Do the story without using your own name or your mother's name. IMake up names. If part of it is fiction and part non-fiction, list it as true and add a postscript at the end letting us know which part was fiction.
They slapped my mothers face the night I was born and told her to shut up. It was the beginning of fall and my mother was always the nervous kind. She was having a baby in a cold delivery room on an ice cold surgical table. It was getting late and the labor had taken hours. The doctor was getting short tempered with my mothers crying every time she had a contraction. They didn't have pain medication or spinal blocks those days at least not where she was and the doctor had a hot date that night and let my mother know she was holding things up and because of her he might have to be late. He wasn't happy about that. But at eight thirty PM, I finally entered the world and as I came out my mother screamed and the nurse slapped her across the face and said, What's wrong with you? You're only having a baby, stop making all that racket."
Mother cried softly, but it was no longer from pain, it was because she was always the nervous sort and all she needed was some kindness and understanding. But their wasn't any to be had on that evening. But she did have a healthy newborn daughter.
ps. The facts are true but the writing of its exact happening is fiction.
Happy Birthday
By
Karen Micallef Tylutki
Sept. 02, 2009
The snow was coming down in unmercifully.
The drifts piled high in five-foot drifts.
The taxi cab had limped along the city streets with four working girls and a pregnant teenager and finally made it to the hospital as the young girl in frenzied labor pains begged the driver for help into the medical building.
It was her first.
The baby was two weeks late.
She was the size of a small igloo and very young and very scared.
Although she had family, in-laws, a husband...there she faced motherhood alone.
The driver helped her out of the car, but had several fares to pick up and left her at the doorway.
It was morning rush hour.
She laid in the hospital bed has quietly and properly as a well bred lady should, whimpering from time to time but not fully dilated to give birth.
She refused medicine.
Nothing would compromise her baby's well being!
Hours passed.
The woman in the next bed screamed and ranted and raved endlessly and drove the poor girl crazy.
Her roommate was having a baby, too...and nurses were called in incessantly to attend her.
Her doctor stroked her and made a fuss and pampered her and chastised the nurses for complaining about her.
Finally, the young girls husband arrived at her bedside.
He had finished his day at work, went home, washed up, sat down to dinner and enjoyed his mother's meal. He thought or was told...who knows the truth of it...his wife, Theresa was resting and not to disturb her.
He sat down in the living room, read the paper and then said to his mother, "I am going to check on Theresa."
She had fallen into a snow drift the morning before and was plucked out 10 minutes later by a stranger who heard a weak voice calling for help on his way to church.

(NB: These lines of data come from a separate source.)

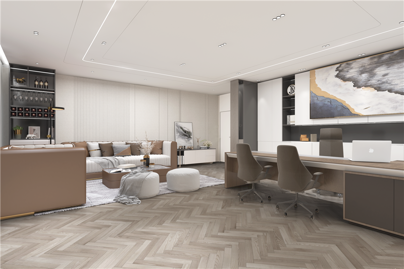 個(gè)人辦公室是相對(duì)獨(dú)立的空間,所以頂棚的燈光需求并不是很高,應(yīng)盡量采用令人舒適的自然光,如果自然光不夠充足,那么設(shè)計(jì)燈光時(shí)就要對(duì)工作面進(jìn)行重點(diǎn)投光,其余部分進(jìn)行輔助照明,這樣還能夠營(yíng)造出一定的藝術(shù)氛圍。
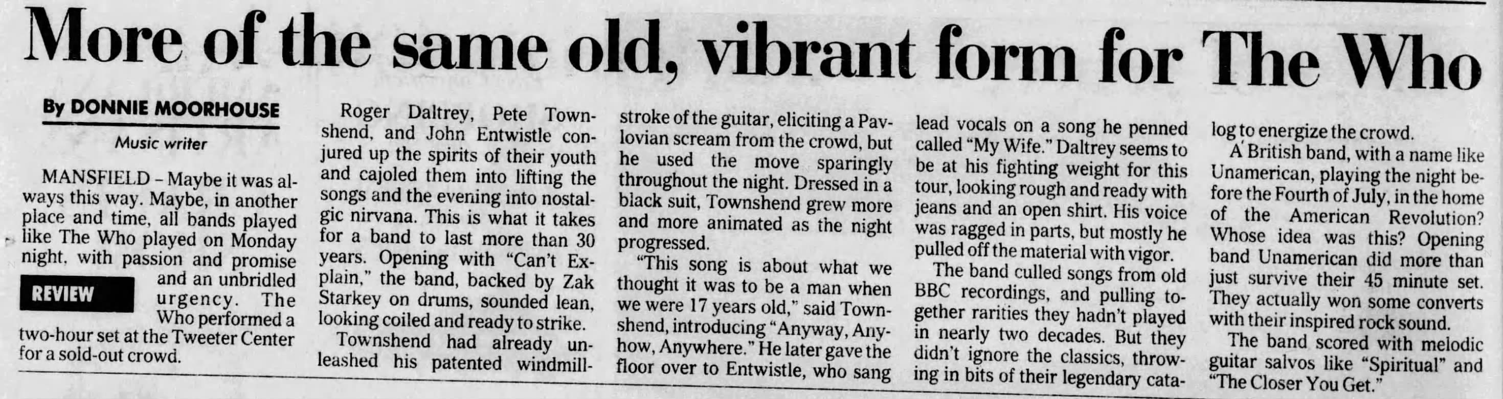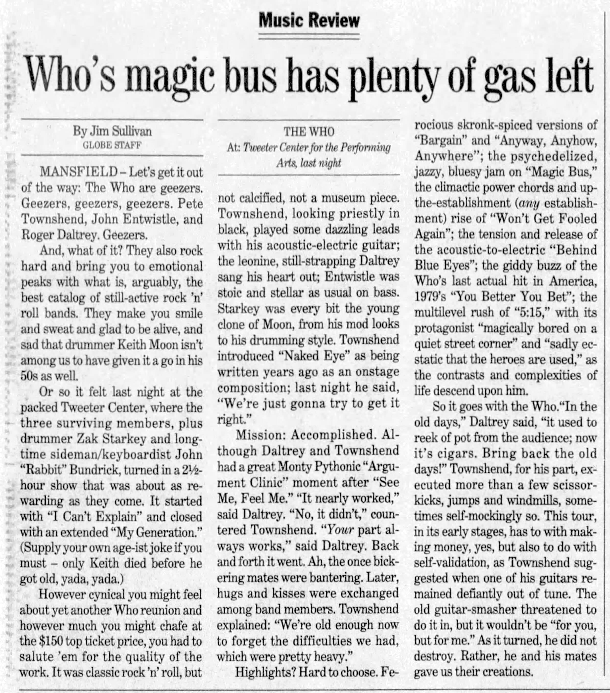 The Who play the Tweeter Center in Mansfield, Massachusetts
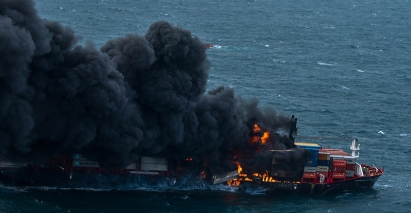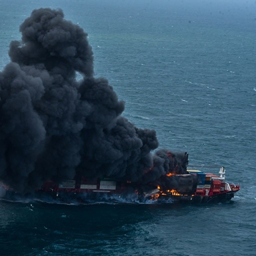 Sri Lanka açıklarında; 25 ton nitrik asit, farklı kimyasal madde ve kozmetik ürünler taşıyan dev gemi 5 gündür yanıyor. Yangında 2 kişinin yaralandığı öğrenildi.
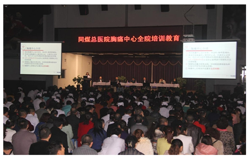 按照中国胸痛中心建设要求,同煤总医院成立了胸痛中心委员会,定期举行联合例会及质量分析、典型病例分析会,会议由胸痛中心主任委员或医疗总监主持,心内科、急诊科、120及网络医院及村医参加,解决胸痛中心建设中存在的问题。
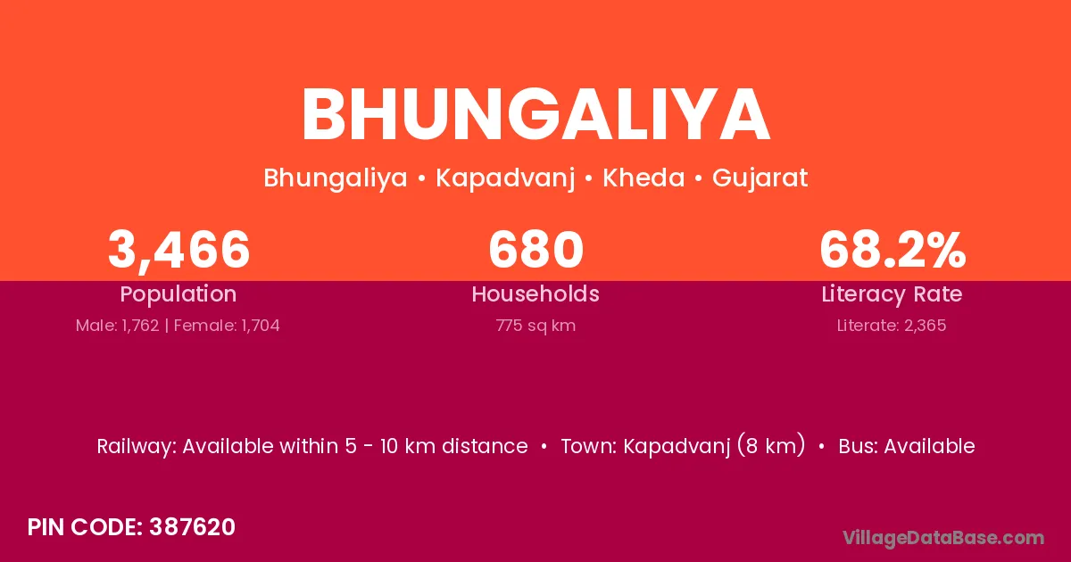 Kapadvanj (8 km) is the nearest town to Bhungaliya village for major economic activities and is located approximately 8 km away.
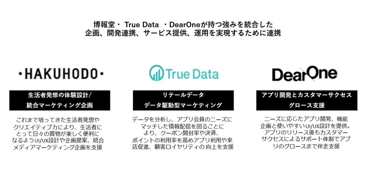 本ソリューションでは、博報堂・True Data・DearOneの3社それぞれが持つ強みを統合した企画、開発連携、サービス提供、運用を実現するために連携を図ります。
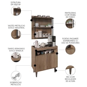 Com o Aparador Cantinho do Café e Painel 3 Prateleiras Flora M24 Freijó, da Mpozenato, estilo e funcionalidade se encontram para deixar o seu ambiente acolhedor e cheio de personalidade.
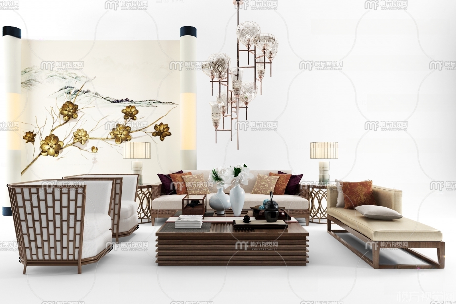 新中式沙发茶几组合3D模型(ID:0001865)
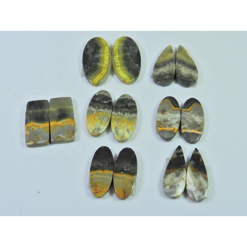 18-25 MM Natural Bumble Bee Jasper Pair Mix Cabochon Gemstone 7 Pair Lot C-763
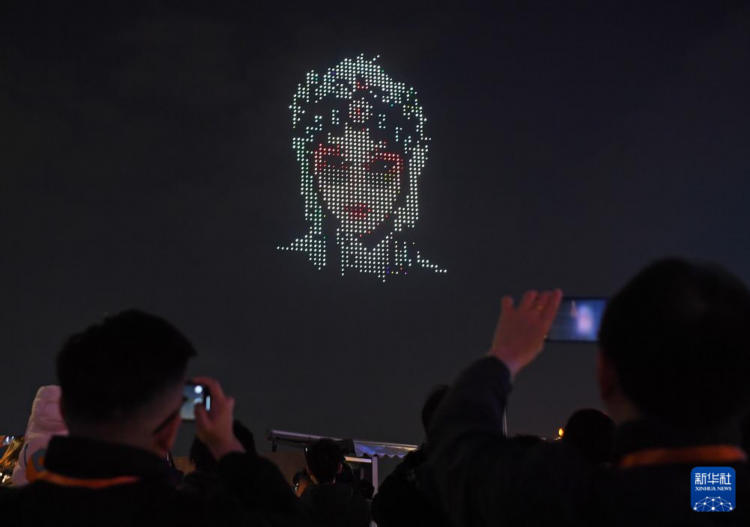1月28日,无人机在维港夜空组成粤剧花旦图案。 当日,“缤纷香港”大型无人机灯光秀在香港湾仔海滨举办。无人机队在维多利亚港夜空呈现多幅香港标志性图案,并组成“空中二维码”,游人扫码即可了解香港相关旅游信息。 新华社记者 陈铎 摄

Her began to feel a little uneasy, since she was two weeks late.
Slowly, his foreign born mother laid her hand on his knee. "Paulo, Teresa, she is not in her room; we sent her in a cab to the hospital this morning, after papa went down stairs to open the store.
The young man was speechless. The family store, now closed for the day, left the pick up truck available for the husband, mother-in-law and father-in-law to crowd in the front seat and drive to the hospital. Paulo rushed to Theresa's side. ...it was after 6:30 p.m.

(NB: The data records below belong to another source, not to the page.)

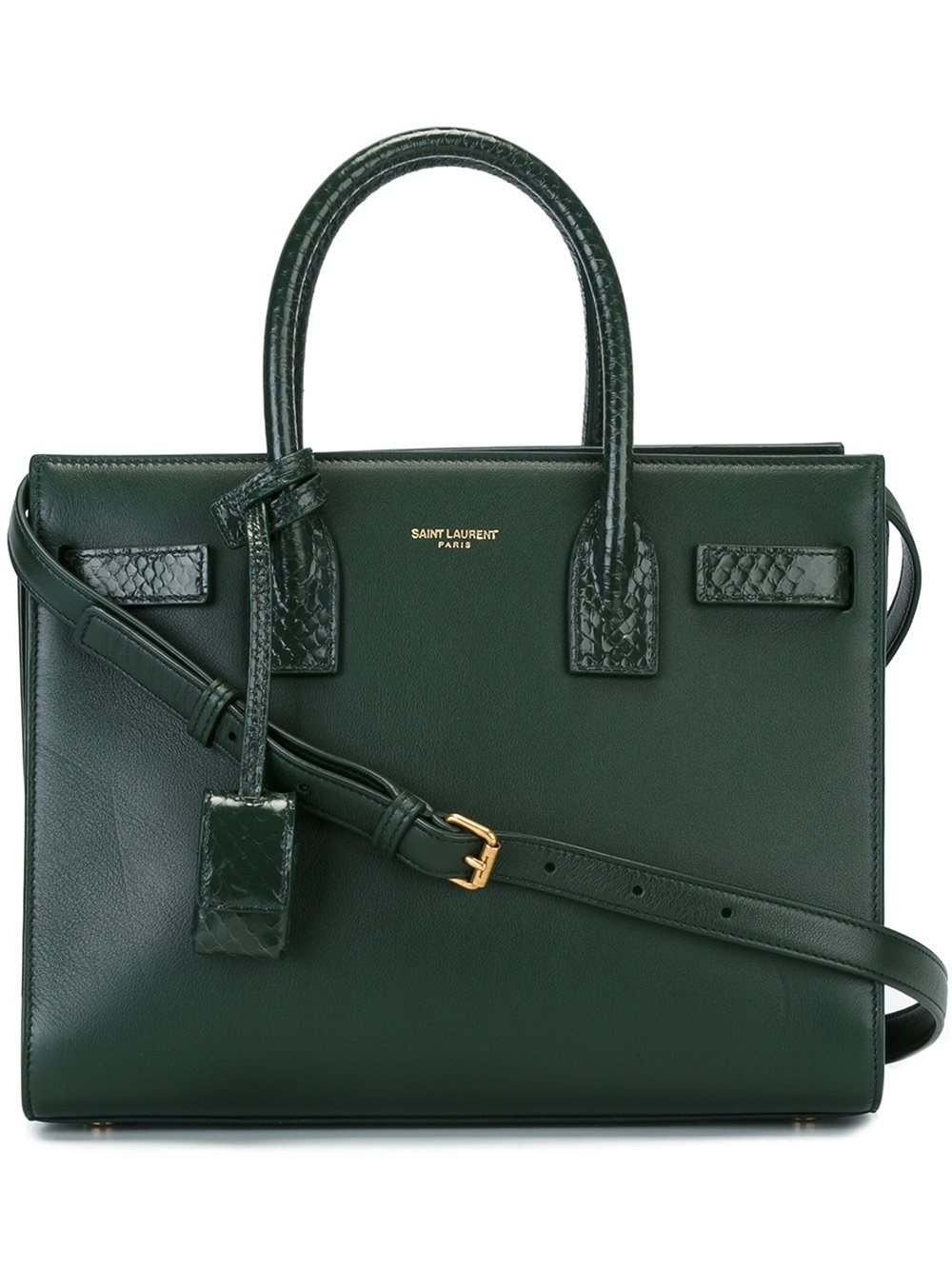 - Saint Laurent (圣罗兰) 深绿色 小牛皮 'Sac de Jour'baby手提包。 顶部有弧状手柄, 可拆卸可调肩带, 金色五金配件, 正中有品牌标记, 皮质吊牌, 蛇皮拼接, 双边可延展, 无开合设计, 内置拉链夹层, 内置贴袋。
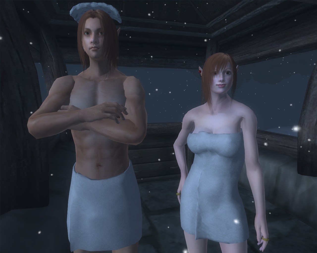 このチン騒動は、ここがMODとして追加された場所なので、家に帰るとか正常に動かなかったんだと思います。逆にNPCを大浴場に入れたくても、何か見えない結界があるみたいで入って来ませんでした。アニキの不可解な動きのおかげで、この温泉取材がより楽しめました。(*'-')ノ
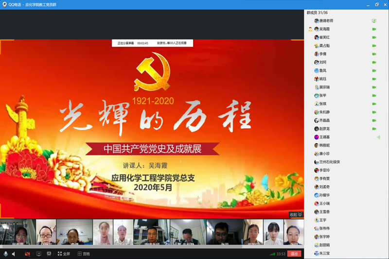 5月8日晚,应用化学工程学院党总支开展“光辉的历程”线上专题党课教育活动。全体教工党员参加了党课学习,此次专题党课由党总支书记吴海霞主讲。

At 7:45 p.m. the time had come for the baby to be born.
At this point, little five foot Theresa asked for anesthesia.
Her baby was born, safe and sound. The baby was a girl, nine pounds, three ounces. She had a full head of brown hair and dark brown eyes.
When Paulo saw the baby in the nursery, he and his family were very happy.
She was chubby and healthy...perfect and alert!
He went into see his wife and she asked hi: "Did you see the baby?" "Whom does she look like”?
He answered with a sad look: "She looks like me."
"Oh that's great!” she answered.
"I wanted her to look like you.” her replied
When Theresa was presented with the baby for breast-feeding, she smiled.
The minute she laid eyes on her, it was love at first sight!
It must have been the same way for the baby, because they have been best friends ever since.
I believe this is pretty much an accurate account.
Maltese Colleen
Sweet Secret- Your story is well-written, and your mother was so brave. Giving birth is one of the most painful and difficult things on earth. The slap from the nurse was cruel.
Maltese, I loved the "size of a small igloo" phrase. I had to laugh. The story was well done. You were really a "snow baby."